» **Material provided**:
******

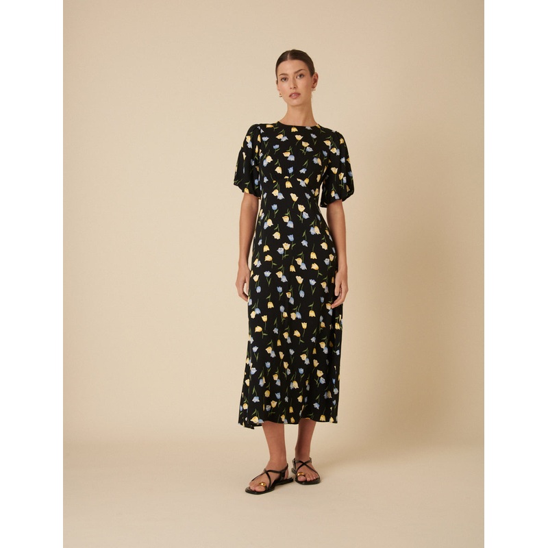 Weve taken everything you loved about Benita and made her a midi. This dark ditsy floral print dress will take you from day to evening in an instant. We love her puff sleeves and swishy skirt. Were wearing ours with sandals. Round neck Mid-length puff slee
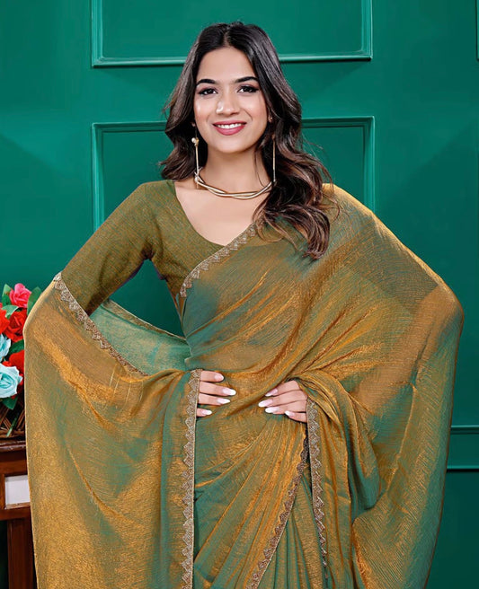 Sea Blue Tissue Saree with unstitched Blouse Piece
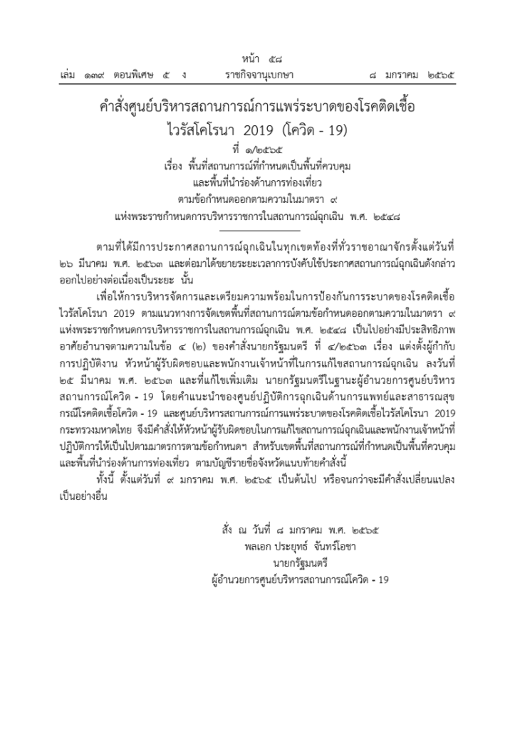 คำสั่งศูนย์บริหารสถานการณ์การแพร่ระบาดของโรคติดเชื้อไวรัสโคโรนา 2019 (โควิด – 19) ที่ 1/2565
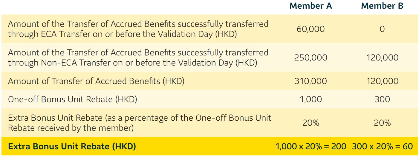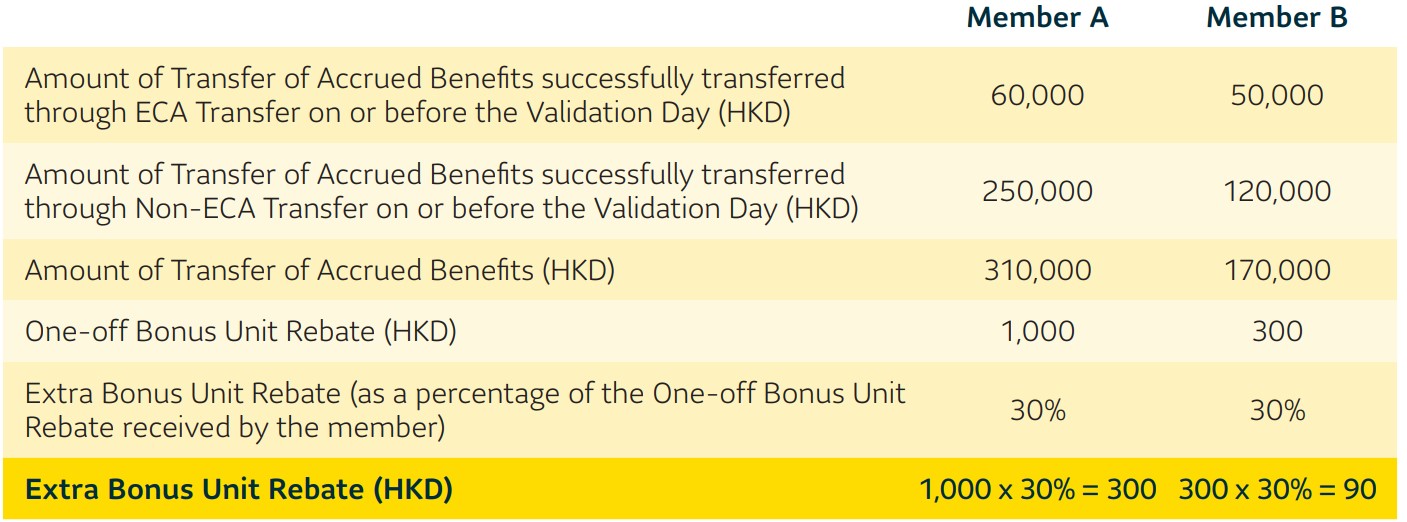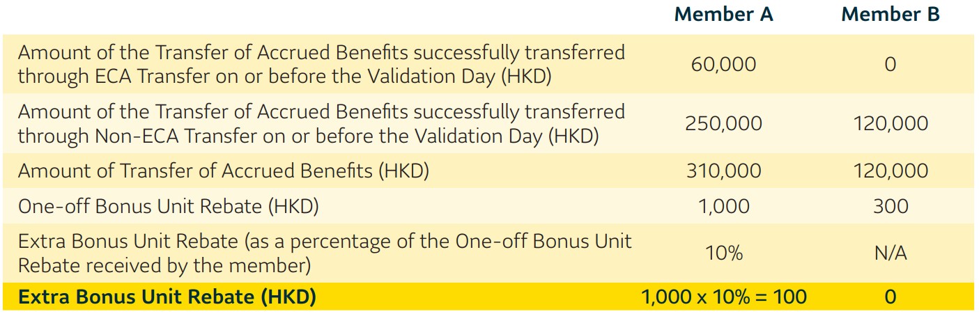“Relevant Members” refers to the members who completed and submitted the “Enjoy Bonus Together” Program Application Form^ together and applied for the Transfer of Accrued Benefits during the Promotion Period.

******

Each line from the first line of the material above through the line containing "19) ที่ 1/2565" is to be reproduced exactly, with both ends kept and pictures left out.

» **Completed task**:
 Weve taken everything you loved about Benita and made her a midi. This dark ditsy floral print dress will take you from day to evening in an instant. We love her puff sleeves and swishy skirt. Were wearing ours with sandals. Round neck Mid-length puff slee
 Sea Blue Tissue Saree with unstitched Blouse Piece
 คำสั่งศูนย์บริหารสถานการณ์การแพร่ระบาดของโรคติดเชื้อไวรัสโคโรนา 2019 (โควิด – 19) ที่ 1/2565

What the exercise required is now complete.